▶ _What is needed_:
Transcribe the records in full; omit images.

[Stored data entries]
┌────────

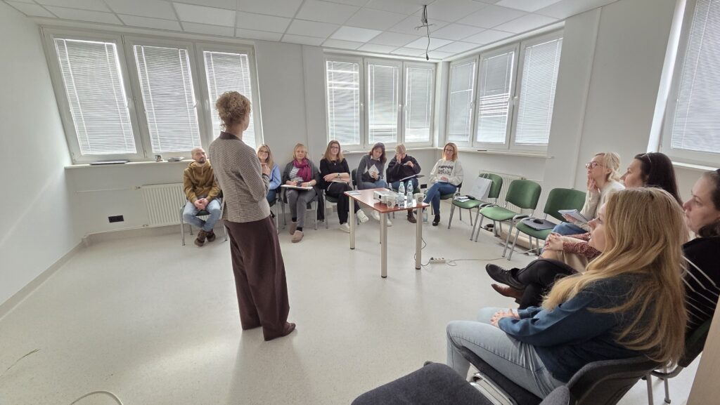 W dniu 25 września 2025 roku Wanda Agnieszka Jabłońska i Sylwia Przybylińska zaprezentowały działalność Ośrodka Wsparcia i Testów w Olsztynie w gronie nauczycieli Zespołu Placówek Edukacyjnych w Olsztynie. Omówiono, kto i kiedy może skorzystać ze wsparcia, a także przebieg kontaktu, testowania sprzętu i procesu wypożyczeń. Ponownie podkreślono, że OWiT prowadzi nieodpłatną wypożyczalnię specjalistycznych sprzętów, urządzeń i oprogramowania do użytkowania w warunkach domowych. Podkreślono, że dysponuje sprzętem najwyższej jakości, odpowiadającym zróżnicowanym potrzebom funkcjonalnym osób z niepełnosprawnościami. Szczególnie mocno zaakcentowano prośbę, aby informować o Wypożyczalni nie tylko instytucje, lecz także sąsiadów, członków rodzin i znajomych. To właśnie dzięki takiej „poczcie pantoflowej” wiele osób dowiaduje się o bezpłatnym wsparciu, które realnie poprawia komfort codziennego życia. Spotkanie zakończyło krótkie przesłanie: „Powiedz o tym dalej – jedna rozmowa może komuś otworzyć drogę do większej samodzielności.”
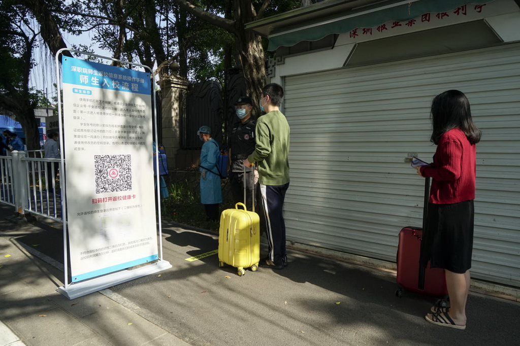 帶行李箱的學(xué)生走專用通道,依次完成掃碼核驗、測量體溫等流程后進(jìn)入校園。
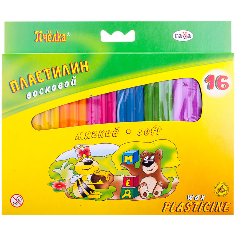 Пластилин "Гамма" 16 цв. 196 гр. "Пчелка" восковый со стеком арт. 280030Н
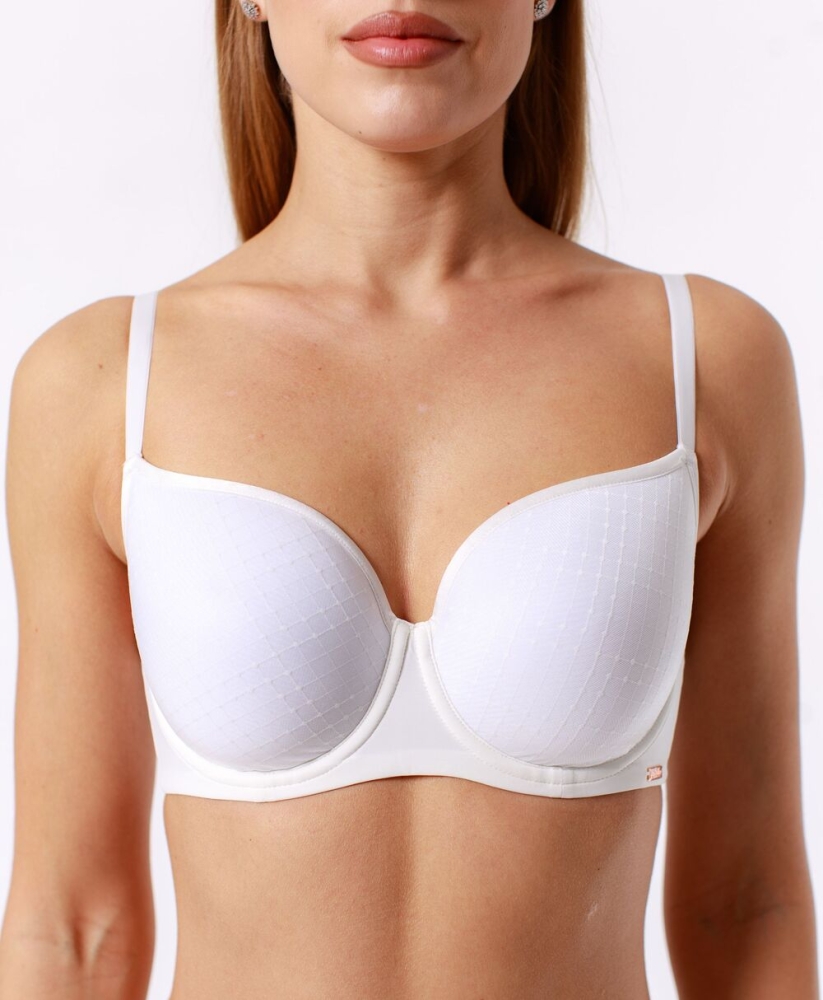 Бюстгальтер на каркасах с бесшовными формованными чашками из 3D материала Spacer (Спейсер), выполнен из сетки с декоративным геометрическим рисунком, стан выполнен из эластичной микрофибры, дублирован эластичной сеткой. Под термином «Spacer» понимается очень легкий и дышащий материал, приятный на ощупь, прекрасно держащий форму. Для поддержания формы груди внутренняя поверхность чашки дублирована двойной неэластичной сеткой. Несъёмные бретели. Украшение: медальон COQUETTE REVUE.Состав: 80% ПОЛИАМИД/ 20% ЭЛАСТАН
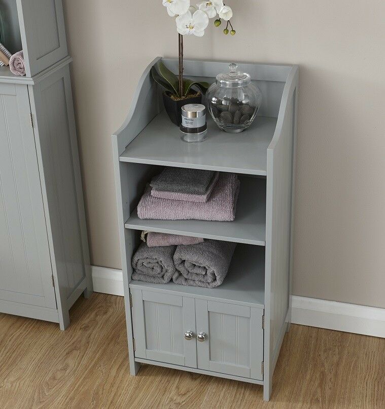 Bathroom Cupboard Storage Unit 2 Door Bath Cupboard 3 Shelf - Grey
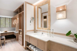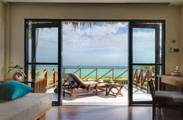 14 Beachfront Junior Suites de 79 m2, sont orientées vers le rivage et proposent une vue panoramique sur la baie. Les résidents trouveront un bain à jets dans leur salle de bains. Des services spécifiques sont réservés aux clients de ces suites.
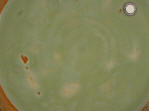 covered overall in a thick olive-green translucent glaze. An unglazed
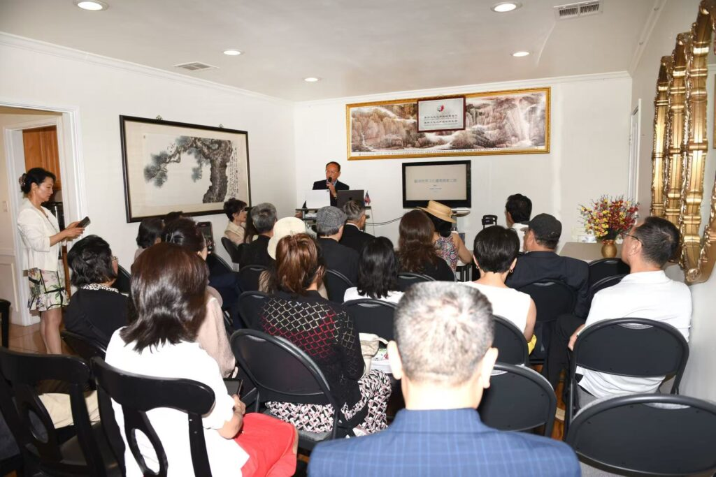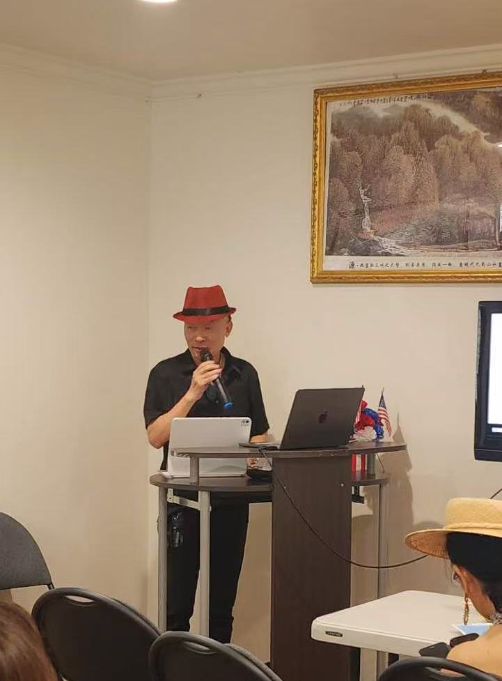 作为一位长期活跃于中美文化交流一线的学者,刘教授不仅是东洛杉矶学院的中国语言文化终身教授,亦担任美西华人学会会长、北美南加州写作协会副会长,其讲述兼具文化视野与人文温度。此次讲座由美洲文化之声总编、世界华文诗歌学会会长韩舸友主持,吸引了近五十位中美文化界人士前来参与,现场交流热烈、思维碰撞不断。
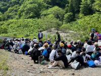 朝の集い、朝食の様子です。体調も崩す子もいなく全員元気です。いよいよ合宿で一番楽しみにしていた子が多かった「イワナつかみ」に出発です。
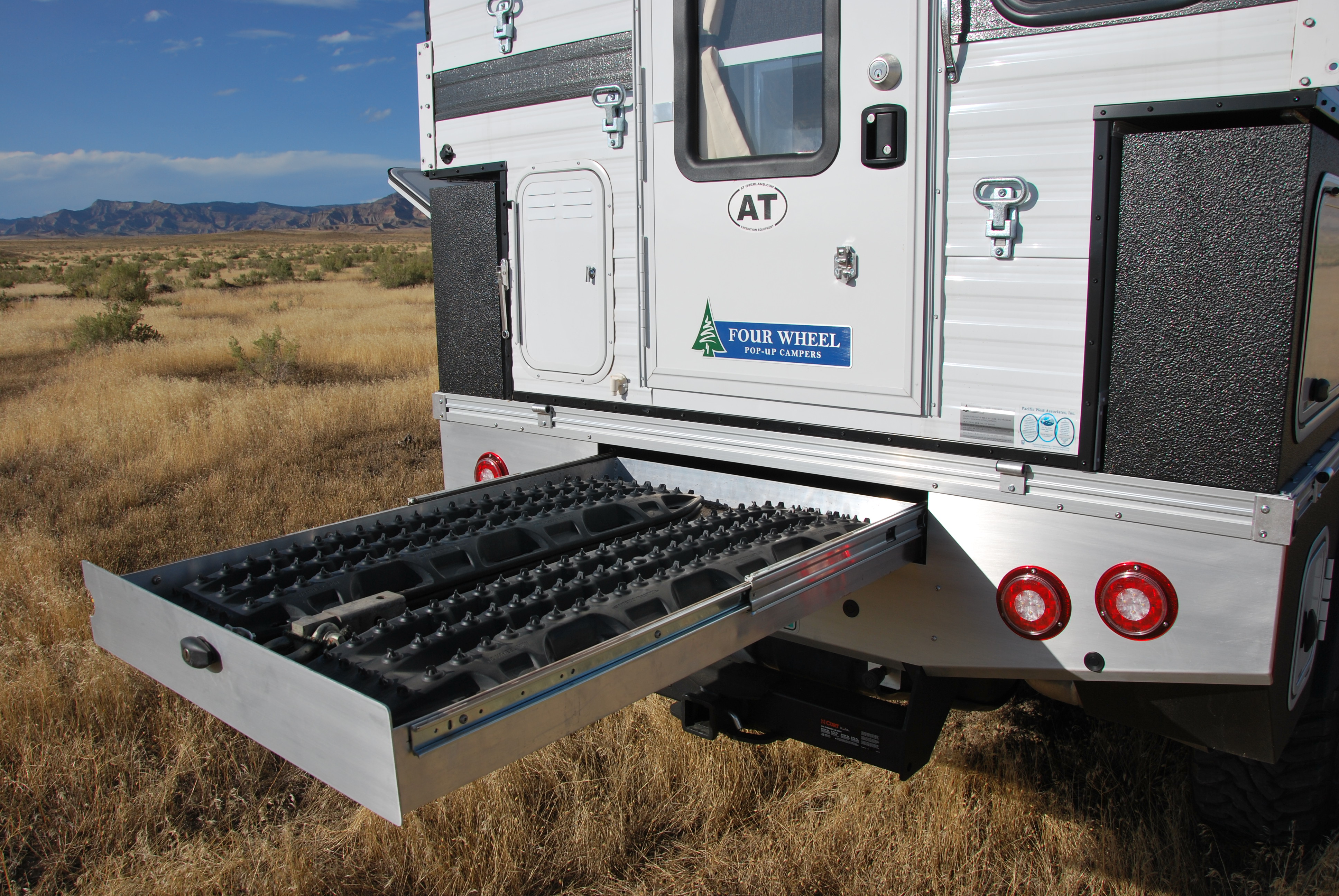 With the tray and boxes, the truck can be used in multiple configurations, from a bare bed to just the boxes or even a Four Wheel Camper (as shown below). Four turnbuckles secure the camper, and only four bolts are required to mount the boxes. Overall, these new AT Overland Tray Bed and Composite Boxes are an impressive new option for full-size truck buyers, giving a broad range of options. adventuretrailers.com | 877-661-8097

└────────

▶ _Solved problem_:
 W dniu 25 września 2025 roku Wanda Agnieszka Jabłońska i Sylwia Przybylińska zaprezentowały działalność Ośrodka Wsparcia i Testów w Olsztynie w gronie nauczycieli Zespołu Placówek Edukacyjnych w Olsztynie. Omówiono, kto i kiedy może skorzystać ze wsparcia, a także przebieg kontaktu, testowania sprzętu i procesu wypożyczeń. Ponownie podkreślono, że OWiT prowadzi nieodpłatną wypożyczalnię specjalistycznych sprzętów, urządzeń i oprogramowania do użytkowania w warunkach domowych. Podkreślono, że dysponuje sprzętem najwyższej jakości, odpowiadającym zróżnicowanym potrzebom funkcjonalnym osób z niepełnosprawnościami. Szczególnie mocno zaakcentowano prośbę, aby informować o Wypożyczalni nie tylko instytucje, lecz także sąsiadów, członków rodzin i znajomych. To właśnie dzięki takiej „poczcie pantoflowej” wiele osób dowiaduje się o bezpłatnym wsparciu, które realnie poprawia komfort codziennego życia. Spotkanie zakończyło krótkie przesłanie: „Powiedz o tym dalej – jedna rozmowa może komuś otworzyć drogę do większej samodzielności.”
 帶行李箱的學(xué)生走專用通道,依次完成掃碼核驗、測量體溫等流程后進(jìn)入校園。
 Пластилин "Гамма" 16 цв. 196 гр. "Пчелка" восковый со стеком арт. 280030Н
 Бюстгальтер на каркасах с бесшовными формованными чашками из 3D материала Spacer (Спейсер), выполнен из сетки с декоративным геометрическим рисунком, стан выполнен из эластичной микрофибры, дублирован эластичной сеткой. Под термином «Spacer» понимается очень легкий и дышащий материал, приятный на ощупь, прекрасно держащий форму. Для поддержания формы груди внутренняя поверхность чашки дублирована двойной неэластичной сеткой. Несъёмные бретели. Украшение: медальон COQUETTE REVUE.Состав: 80% ПОЛИАМИД/ 20% ЭЛАСТАН
 Bathroom Cupboard Storage Unit 2 Door Bath Cupboard 3 Shelf - Grey
 14 Beachfront Junior Suites de 79 m2, sont orientées vers le rivage et proposent une vue panoramique sur la baie. Les résidents trouveront un bain à jets dans leur salle de bains. Des services spécifiques sont réservés aux clients de ces suites.
 covered overall in a thick olive-green translucent glaze. An unglazed
 作为一位长期活跃于中美文化交流一线的学者,刘教授不仅是东洛杉矶学院的中国语言文化终身教授,亦担任美西华人学会会长、北美南加州写作协会副会长,其讲述兼具文化视野与人文温度。此次讲座由美洲文化之声总编、世界华文诗歌学会会长韩舸友主持,吸引了近五十位中美文化界人士前来参与,现场交流热烈、思维碰撞不断。
 朝の集い、朝食の様子です。体調も崩す子もいなく全員元気です。いよいよ合宿で一番楽しみにしていた子が多かった「イワナつかみ」に出発です。
 With the tray and boxes, the truck can be used in multiple configurations, from a bare bed to just the boxes or even a Four Wheel Camper (as shown below). Four turnbuckles secure the camper, and only four bolts are required to mount the boxes. Overall, these new AT Overland Tray Bed and Composite Boxes are an impressive new option for full-size truck buyers, giving a broad range of options. adventuretrailers.com | 877-661-8097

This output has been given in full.